This checklist outlines the nature of stockholders’ agreements and their structure.
The shares (or stock) issued by most limited companies are classed as “ordinary,” and each share carries one vote. Majority shareholders will therefore control voting in the company. Since minority shareholders may resent not having any say in important company decisions, conflicts can arise. To minimize these, it is advisable that the shareholders sign a stockholders’ agreement—which will give small shareholders a voice in these big decisions.
Stockholders’ agreements are more commonly used in certain circumstances: for example, when some shareholders are not directors and thus do not have much of a role in the decisions of the board, or in the case of equal-stake joint ventures.
A stockholders’ agreement will establish the constitution of the board, the number of directors, which shareholder(s) will have the right to appoint directors (and how many), and who will be the chairman of the board and have the casting vote if needed. It will also decide who will have management control and how board meetings and voting will operate.
The agreement can also establish that certain business issues will require the approval of 100% of the shares. These are usually only very important issues, such as: the company entering into a contract with directors or shareholders; the incurring of expenditure or liability over a certain predetermined value; the company giving a guarantee or taking on an encumbrance (debt) of a certain value; the sale, transfer, lease, or licensing of any of the assets of the company other than in the ordinary course of business; or the altering of any provisions of the company bylaws.
In general, a stockholders’ agreement is a contract between shareholders that can stipulate more or less anything, as long as it does not contravene the law or the bylaws of the company
Stockholders’ agreements protect minority shareholders and allow them to participate in decisions from which they might otherwise be excluded.
Stockholders’ agreements are not regulated. Shareholders have the flexibility to decide the type of contract they want.
The stockholders’ agreement can also restrict the transfer of shares and will establish pre-emption rights (the right of existing shareholders to be the first to acquire the shares of another shareholder).
Assenting to a stockholders’ agreement may involve extensive negotiations and require professional advice. It could be expensive to draft and put in place.
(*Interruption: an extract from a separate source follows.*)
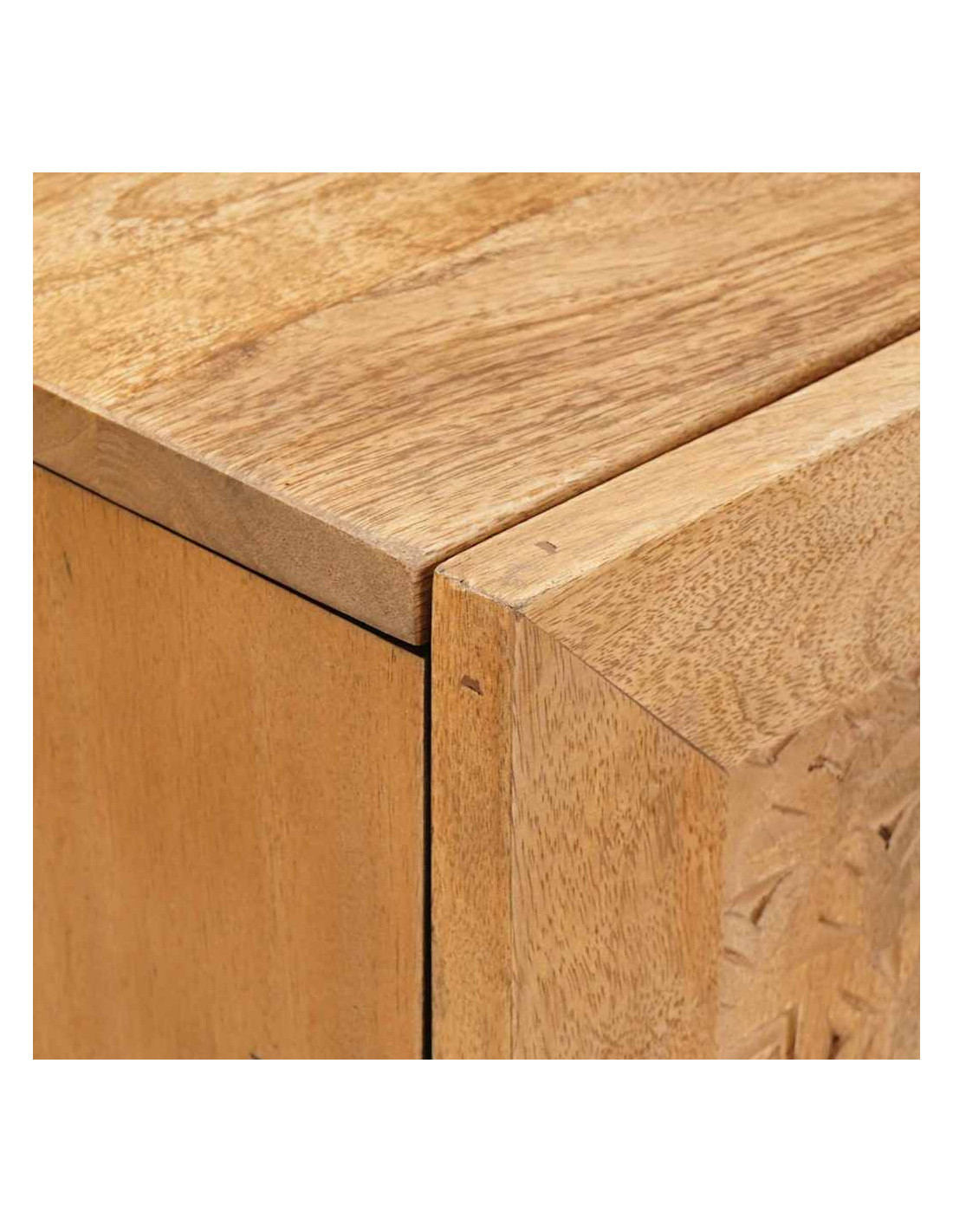 - Materiali: Realizzato in legno di mango massello di alta qualità, questo sideboard mette in mostra la venatura e la texture naturale, portando un'atmosfera calda e organica nel tuo spazio. Il legno ingegnerizzato aggiunge stabilità e resistenza ai cambiamenti climatici, facendolo una scelta solida per qualsiasi casa.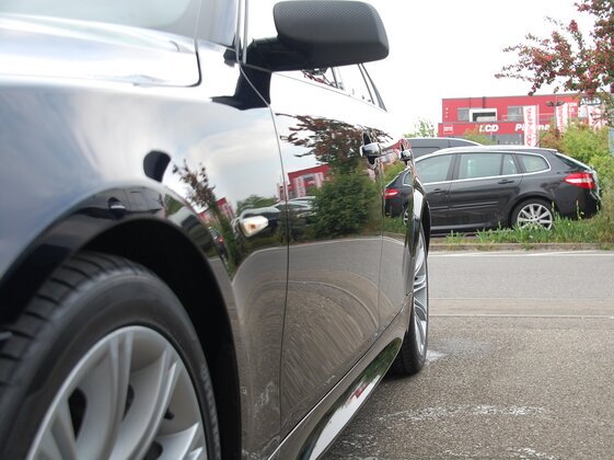 Langstrecken Fahrzeug BMW E60 535d mit 280.000 KM Autobahn haben ihre Spuren hinterlassen. Der Kunde wünschte sich im Sommer 2016 eine Lackaufbereitung mit anschließender Lackversiegelung beim Autoputzer Ludwigshafen.

Study any shareholder agreement carefully before signing. Be clear what you would like to achieve from it.
Be prepared for extensive negotiations, which could prove time-consuming as well as costly.
Economize by negotiating a reasonable rate with your legal and financial advisers, but remember that it is better to incur costs and understand the agreement you sign than to enter into an agreement that you do not understand and may not represent your interests.
Dos and Don’ts
Involve your lawyers in the negotiation of a stockholders’ agreement.
Think carefully what you would like to achieve from it.
If necessary, request the right to appoint a director as your representative on the board. In this way, you can influence decisions in the company at board level.
Don’t make the mistake of entering into a stockholders’ agreement that you do not understand and does not represent your interests.